- WHAT IS BEING ASKED -
Would you transcribe the listing that follows word for word, skipping pictures?

- PROVIDED MATERIAL -
#####
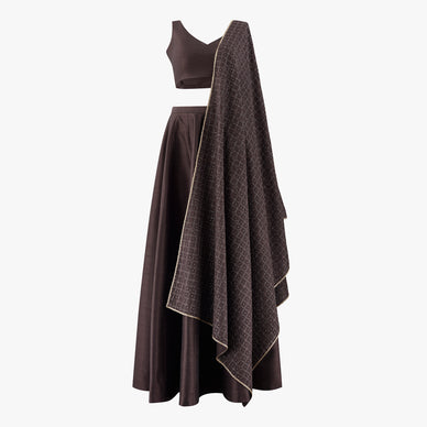 Evora made-to-measure lehenga set is giving a modern take on Indian wear with modern versatility. The set features a plain semi raw silk top and lehenga with the lehenga thoughtfully crafted to be styled repeatedly with a variety of blouses—Indian or western, making it a wardrobe essential. We have paired this lehenga a chikan kari dupatta finished with a gold trim. This look is perfect for wedding receptions, cocktail parties and evening celebrations.
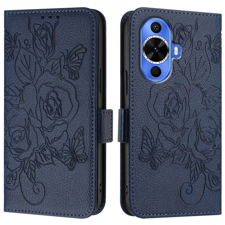- 1x Funda de Cuero Antirrobo RFID para Huawei Nova 12S 4G con Relieve (Azul Oscuro)
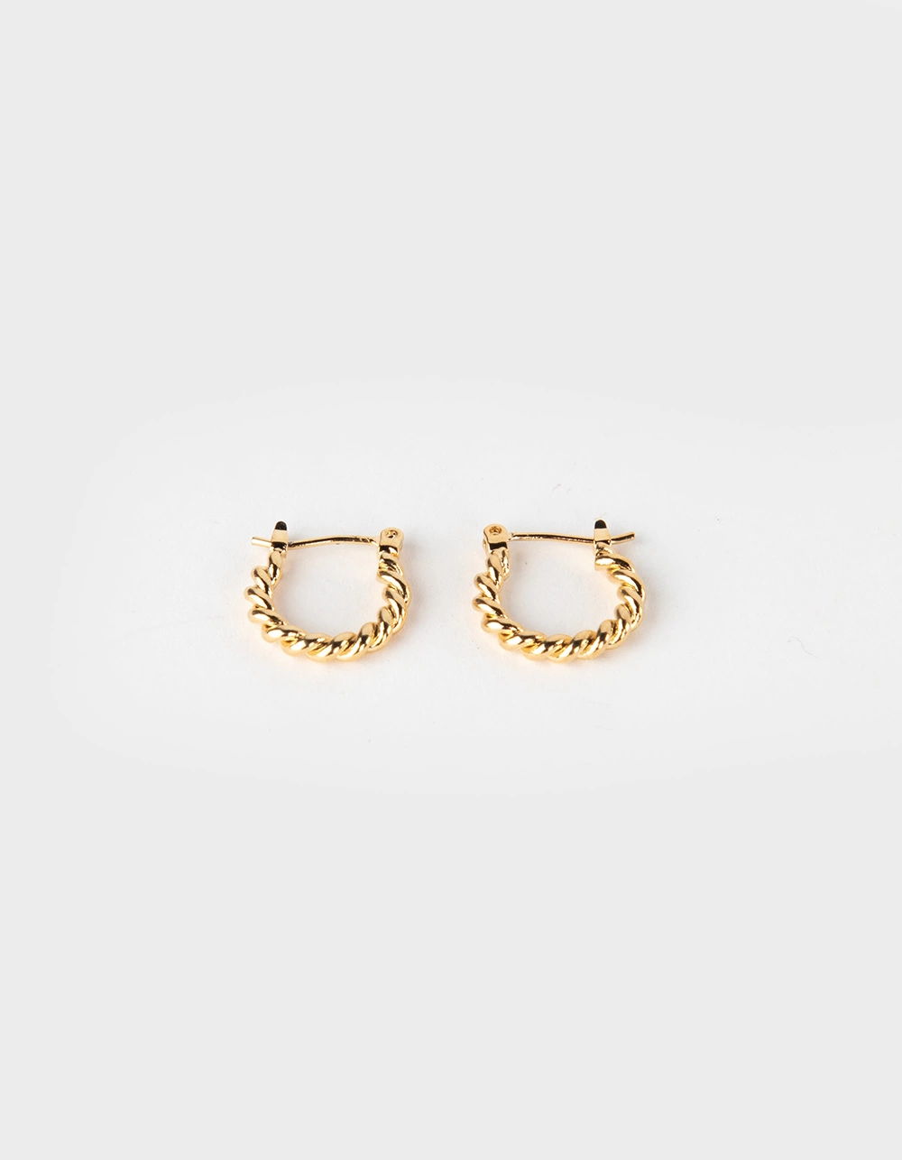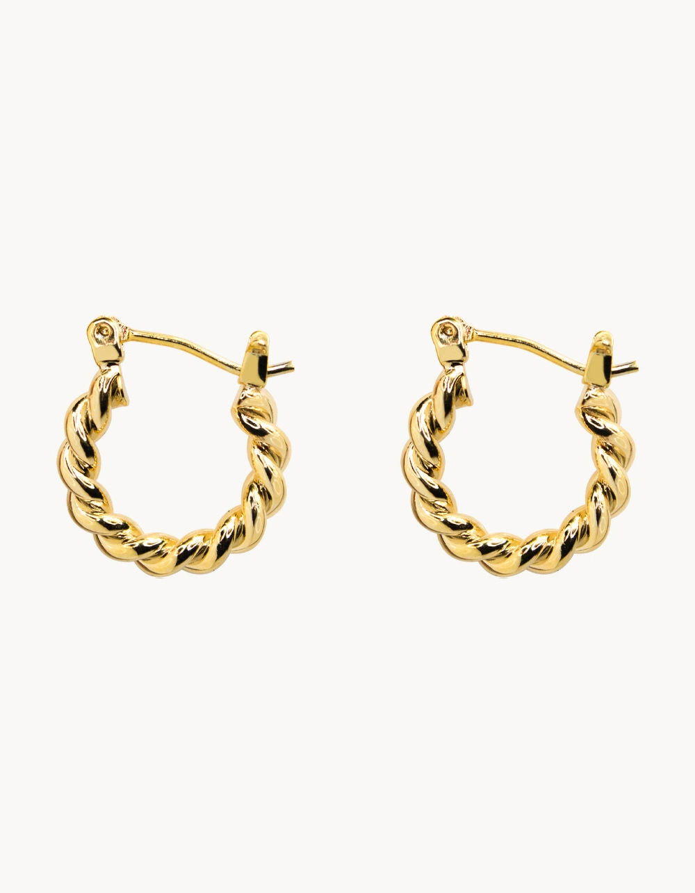 Secret Box New York 14K Gold Dipped Small Twist Earrings. Dainty twisted hoop earrings. Latch back closures. 14K gold dipped to prevent tarnishing. Imported.
#####
- YOUR SOLUTION -
 Evora made-to-measure lehenga set is giving a modern take on Indian wear with modern versatility. The set features a plain semi raw silk top and lehenga with the lehenga thoughtfully crafted to be styled repeatedly with a variety of blouses—Indian or western, making it a wardrobe essential. We have paired this lehenga a chikan kari dupatta finished with a gold trim. This look is perfect for wedding receptions, cocktail parties and evening celebrations.
- 1x Funda de Cuero Antirrobo RFID para Huawei Nova 12S 4G con Relieve (Azul Oscuro)
 Secret Box New York 14K Gold Dipped Small Twist Earrings. Dainty twisted hoop earrings. Latch back closures. 14K gold dipped to prevent tarnishing. Imported.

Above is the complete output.